FARUK ERGAN


GİDERSE BATARIZ!

Kasım 1977 yılında başladığımız iş hayatımda, babam beni yetiştirdi, ben kardeşlerimi ve çocuklarımı yetiştirdim. Geliştirip daha da büyütmeye çalıştığımız iş yerimiz birimiz olmazsa batarız, küçülür ve yok oluruz noktasına hiç gelmedik.


Kasım 1977 yılında başladığımız iş hayatımda, babam beni yetiştirdi, ben kardeşlerimi ve çocuklarımı yetiştirdim.Geliştirip daha da büyütmeye çalıştığımız iş yerimiz birimiz olmazsa batarız, küçülür ve yok oluruz noktasına hiç gelmedik.                                                                                                                                                                                        
Son günlerde görsel ve yazılı basını meşgul eden iki dâhimizin veya siyasi büyüklerimizin görüş beyan etmeleri ile kendilerini gündemde tutmaları ve reklamını yapmaları kendileri açısından başarı olsa gerek. Ölçüp tartmadan, lafınızın nereye gideceğini hesap etmeden konuşursanız, söyleminiz sizi esir alır. Veya bu tür söylemlerle gündem değiştirmek, sorunun özünden uzaklaşmak özellikle ve bilerek yapmak istediğiniz siyasi tercih olabilir.
Yasin Aktay “Suriyeliler giderse Ekonomi çöker” demiş.
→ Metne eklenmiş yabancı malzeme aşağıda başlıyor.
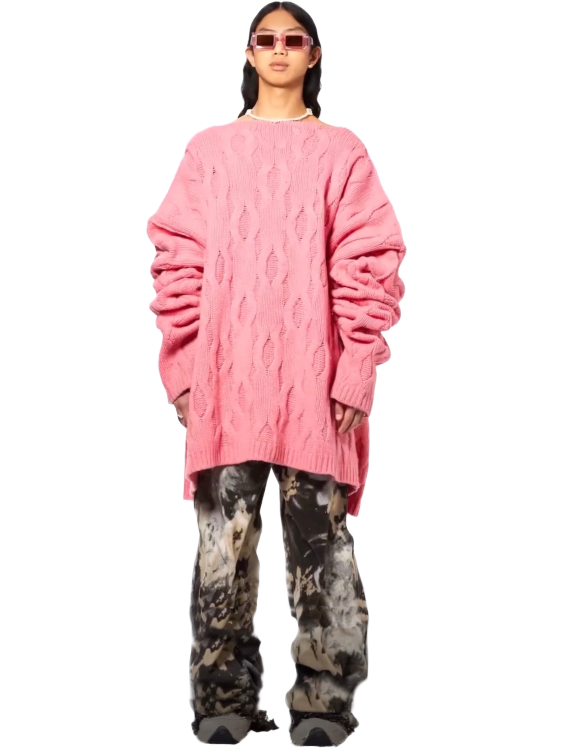 Immerse yourself in the sumptuous feel of the Cable Knit Oversized Sweater, meticulously curated for the Burning in Calabasas luxury experience.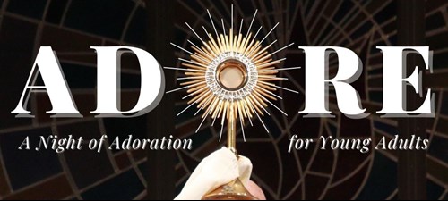 In brief, ADORE is a Holy Hour with a brief talk followed by fellowship, for young adults. Interested in hosting an ADORE? Contact us.

Mehmet Özhaseki “Sanayiyi onlar ayakta tutuyor” demiş. Son yıllarda onlarca üniversite açtınız. Donanımlı eğitim kadrosu olmayınca, teknolojik alet ve edevatla donatılmış laboratuar olmayınca, gösterişli binalardan mezun olan ve iş hayatına atılan öğrencilerin başarısızlığını itiraf etmiş olmanız, onlara güvenmiyor olmanız, torunlarınıza bırakacağınız en güzel miras olacaktır.
Cumhuriyetle yaşıt olan (tamamını sattığınız) fabrikaları başarı ile yöneten sanayicileri ve üç vardiya ile çalışan, emek veren ve alın teri döken işçileri yok saymanızın size ne gibi faydası olacak, böyle bir demeç vermekle hangi siyasi makama yükselmeyi hedef aldınız acaba? Mehmet Bey; Anlatmakla bitiremediğiniz hizmetleriniz, her fırsatta çıkar elde etmek için değil, rant sağlamak için değil,  sadece Allah rızası için bu hizmete talibiz diyerek 1994 ve 2015 yılları arasında Belediye Başkanlığı yaptınız. Teknik ekibinizde, danışmanlarınızda ve yönetim kadronuzda Suriyeliler mi vardı, sizi ayakta onlar mı tuttu? Evde çocuklarınızın ihtiyacı varken, isteklerini karşılamak içi Banka kredisi kullanmışsan, temel gıda ihtiyaçlarını karşılamakta zorlanıyorsan, karşı komşunun yardımına koşmak aklından geçer mi? Tabi ki herkes için öncelik birinci derece yakınları ve bakmakla yükümlü olduğu insanlar. Devlet içinde öncelik askere aldığı ve vergi topladığı kendi öz vatandaşları olmalıdır.    
Biraz amiyane tabir olacak ama siz bir makama gelmek için seçmenlerinizin omzunda yükseleceksiniz fakat savunmanız, korumanız altına almak için ve hamilik yapmak için “Suriyelilere kimse dokunamaz, onları kimse Ülkelerine gönderemez” gibi tepki göstereceksiniz. Ülkemizde keyif yapan bir topluluk için, “zorda kalan insanlara kapıyı kapatmak ne kadar doğrudur bilmiyorum” diyerek duygu sömürüsü yapmak ne kadar doğrudur, bende bunu bilemiyorum. Kıt kanaat geçinen seçmenlerinizde kendi haline bakmadan sizi savunurken taktik aynı, inanın bana kardeşini bu kadar sevmiyor. Sizin Suriyelileri savunma taktiğiniz gibi fanatik ve ateşliler.